Two players play a game in which player one begins with A cents and player two begins with B cents. Each round of the game, a fair coin is flipped and player one takes one cent from player two if the result of the flip is heads, otherwise player two takes one cent from player one. The game continues with the coin repeatedly flipped until one player has no money left. From experimentation, it seems very clear that the expected value for the length of the game should be A x B, however I would like to know how I can go about showing this analytically.

[Samuel]

If player a has x tokens and player b has 1 token, the expected length of the game (where half of the time the game ends) will be one round.

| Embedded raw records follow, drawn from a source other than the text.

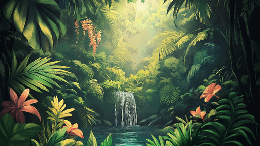 WonderMuralDette murale tapetet fremkaller en tropisk paradis, som illustrerer en frodig jungel rik på vegetasjon og prydet med en praktfull foss. Nyansene av...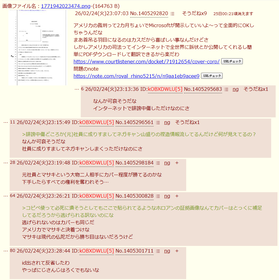 | … | 6026/02/24(火)23:25:32No.1405300506+>違う違う本来は裁判回避できたのに自分から最速対応でカリフォルニアの裁判やるようにカバーを動かしたんだよ |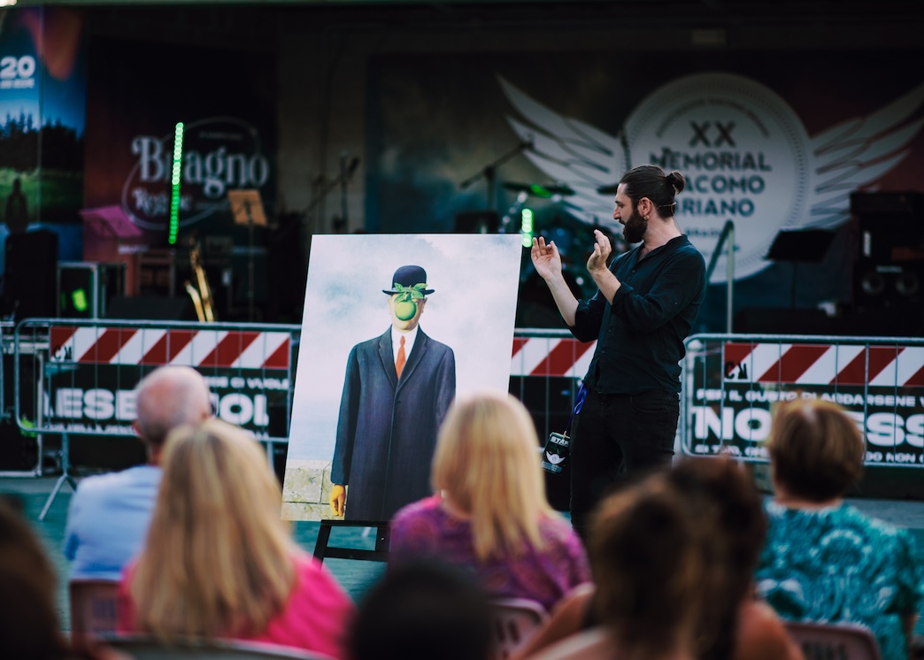 Alle 18:30 il professore e artista Alessandro Carnevale, noto al pubblico televisivo per la sua partecipazione al programma Rai “Il Collegio”, guiderà il pubblico in una lezione-spettacolo dedicata al valore dei simboli e della bellezza nel mondo contemporaneo.
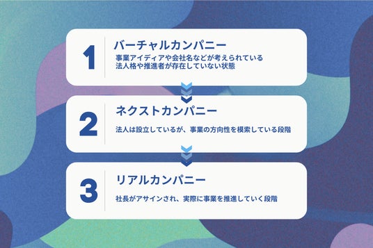 会社づくりは「バーチャルカンパニー」「ネクストカンパニー」「リアルカンパニー」の三段階で進められ、世界で伸びている事業・産業に対していち早くアクションを起こすことができる体制となっています。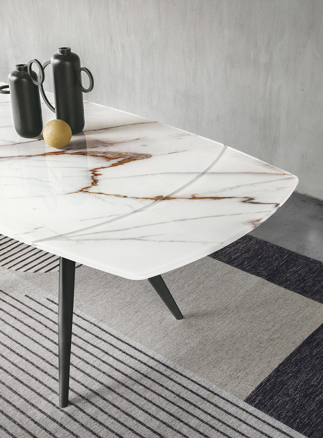 Il tavolo Elica di Sedit rappresenta un perfetto equilibrio tra design innovativo e funzionalità, ideale per ambienti living moderni e raffinati.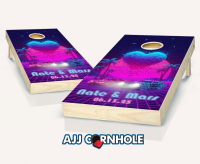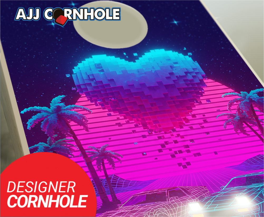 "Retrowave Pixel Heart" Cornhole Set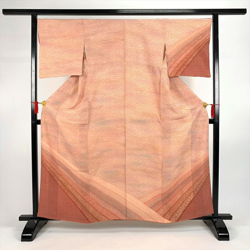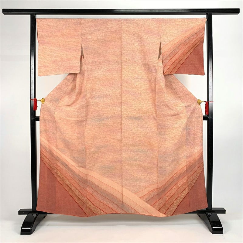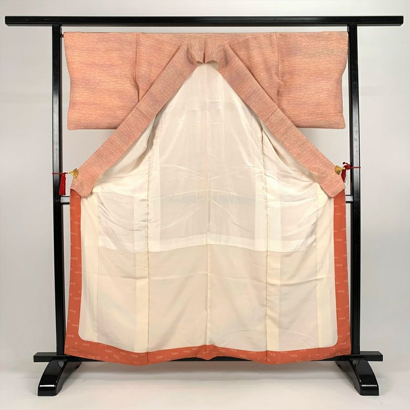 (中古)訪問着 サーモピンク フォーマル 江戸小紋 斜め取り 袷 S【身丈】158.5cm【裄丈】68.5cm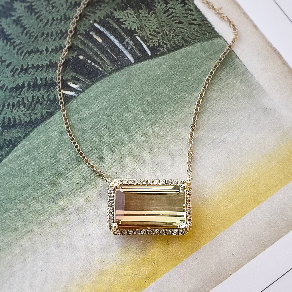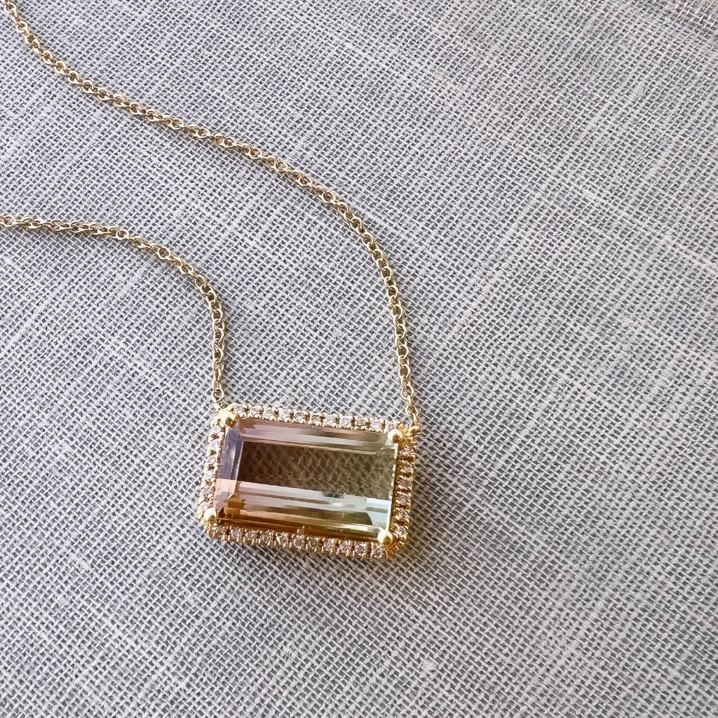 This spectaular necklace features a one of a kind hand-selected tourmaline, set in solid 14k yellow gold, haloed with all-natural diamonds and hung from a 16-18" adjustable chain. A necklace as unique as you are, this stunner can be layered or worn on its own.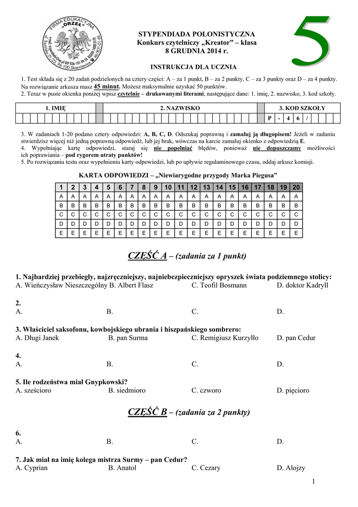 STYPENDIADA POLONISTYCZNA Konkurs czytelniczy „Kreator” – klasa 8 GRUDNIA 2014 r. INSTRUKCJA DLA UCZNIA 1. Test składa się z 20 zadań podzielonych na cztery części: A – za 1 punkt, B – za 2 punkty, C – za 3 punkty oraz D – za 4 punkty. Na rozwiązanie arkusza masz 45 minut. Możesz maksymalnie uzyskać 50 punktów. 2. Teraz w puste okienka poniżej wpisz czytelnie – drukowanymi literami, następujące dane: 1. imię, 2. nazwisko, 3. kod szkoły. 1. IMIĘ 2. NAZWISKO 3. KOD SZKOŁY P - 4 6 / 3. W zadaniach 1-20 podano cztery odpowiedzi: A, B, C, D. Odszukaj poprawną i zamaluj ją długopisem! Jeżeli w zadaniu stwierdzisz więcej niż jedną poprawną odpowiedź, lub jej brak, wówczas na karcie zamaluj okienko z odpowiedzią E. 4. Wypełniając kartę odpowiedzi, staraj się nie popełniać błędów, ponieważ nie dopuszczamy możliwości ich poprawiania – pod rygorem utraty punktów! 5. Po rozwiązaniu testu oraz wypełnieniu karty odpowiedzi, lub po upływie regulaminowego czasu, oddaj arkusz komisji. KARTA ODPOWIEDZI – „Niewiarygodne przygody Marka Piegusa” 1 2 3 4 5 6 7 8 9 A A A A A A A A A 10 11 12 13 14 15 16 17 18 19 20 A A A A A A A A A A A B B B B B B B B B B B B B B B B B B B B C C C C C C C C C C C C C C C C C C C C D D D D D D D D D D D D D D D D D D D D E E E E E E E E E E E E E E E E E E E E CZĘŚĆ A – (zadania za 1 punkt) 1. Najbardziej przebiegły, najzręczniejszy, najniebezpieczniejszy opryszek świata podziemnego stolicy: A. Wieńczysław Nieszczególny B. Albert Flasz C. Teofil Bosmann D. doktor Kadryll 2. A. B. C. D. 3. Właściciel saksofonu, kowbojskiego ubrania i hiszpańskiego sombrero: A. Długi Janek B. pan Surma C. Remigiusz Kurzyłło D. pan Cedur 4. A. C. D. C. czworo D. pięcioro B. 5. Ile rodzeństwa miał Gnypkowski? A. sześcioro B. siedmioro CZĘŚĆ B – (zadania za 2 punkty) 6. A. B. C. 7. Jak miał na imię kolega mistrza Surmy – pan Cedur? A. Cyprian B. Anatol C. Cezary D. D. Alojzy 1 8. Wskaż adres „niejakich Piegusów”: A. Akacjowa 15 B. Brzozowa 14 C. Lipowa 13 D. Klonowa 12 9. A. C. D. C. gitara D. wiolonczela B. 10. Ukochany instrument muzyczny pana Surmy: A. waltornia B. perkusja CZĘŚĆ C – (zadania za 3 punkty) 11. A. B. C. D. 12. „Przysmak” Papkiewicza: A. kulki z papieru B. atrament C. kwiatki doniczkowe D. kreda 13. A. C. D. B. 14. Jakiej rasy był psiak, którego Marek przyniósł w prezencie dla pani Okulusowej z okazji jej imienin? A. cocker B. pekińczyk C. buldog D. bokser 15. A. B. C. D. CZĘŚĆ D – (zadania za 4 punkty) 16. Owoce z makabrycznego snu Piegusa: A. wiśnie B. maliny C. czereśnie D. poziomki 17. A. C. D. B. 18. Wskaż afrykański kraj, z którego pochodził najcenniejszy w klaserze Marka znaczek pocztowy: A. Gwinea B. Gabon C. Gambia D. Botswana 19. A. B. C. D. 20. Ilu Hipolitów Kwasów podniosło niegdyś alarm i założyło protest przeciwko działalności uomo perfetto – największego detektywa współczesnego – maestro Hippollita Kwassa? A. 283 B. 382 C. 238 D. 328 2

A times B doesn't work for that.

[Kuroneko]

Your intuition is spot on. Suppose that for each turn, the first player has probability p of winning, and one units is exchanged each turn to the winner. For starting amounts A and B, the total pot is C = A+B; thinking of it as a random walk with fixed pot size but varying first player's amount, the running time T = T(A) has boundary conditions T(0) = T(C) = 0. The probability that the game goes on for k turns can be conditioned on the result of the first turn: with probability p, player one wins and increases his amount by one, and with probability 1-p, player one loses and decreases his amount, but either way, the game experiences one more turn. Hence:
[1] T(A) = pT(A+1) + (1-p)T(A-1) + 1
In the particular case p = 1/2, this is an easy recurrence relation having a solution T(A) = (t+1)A - A², t = T(1). The condition T(c) = 0 gives t = C-1, so that
[2] T(A) = AC - A² = AB
The general solution is looks to be rather intense, but behavior for the second player having infinitely large pockets (a good approximation for a casino relative to the average gambler) is not too difficult to determine: the expected number of turns is A/(1-2p) if p<1/2 and infinity if p≥1/2.

[Kuroneko]

Come to think of it, the general case is not too complicated either. The recurrence relation is
[1] T(A) = pT(A+1) + (1-p)T(A-1) + 1.
As the inhomogeneous part (just the +1) is a constant, we should look for a linear particular solution, and one does present itself: T(A) = A/(1-2p). Since the corresponding homogeneous recurrence (everything but the +1) has the characteristic equation x = px² + (1-p), which has roots 1 and r = 1/p-1, the general solution must be of the form
[2] T(A) = A/(1-2p) + a 1^A + b r^A
for some constants a and b. Imposing T(0) = 0 and T(C) = 0 gives
[3] (1-2p)T(A) = A - C[ r^A - 1 ]/[ r^C - 1 ].
This is not defined for p = 1/2, but the limit of T(A) as p→1/2 is still AC - A² = AB, consistent with the previous result.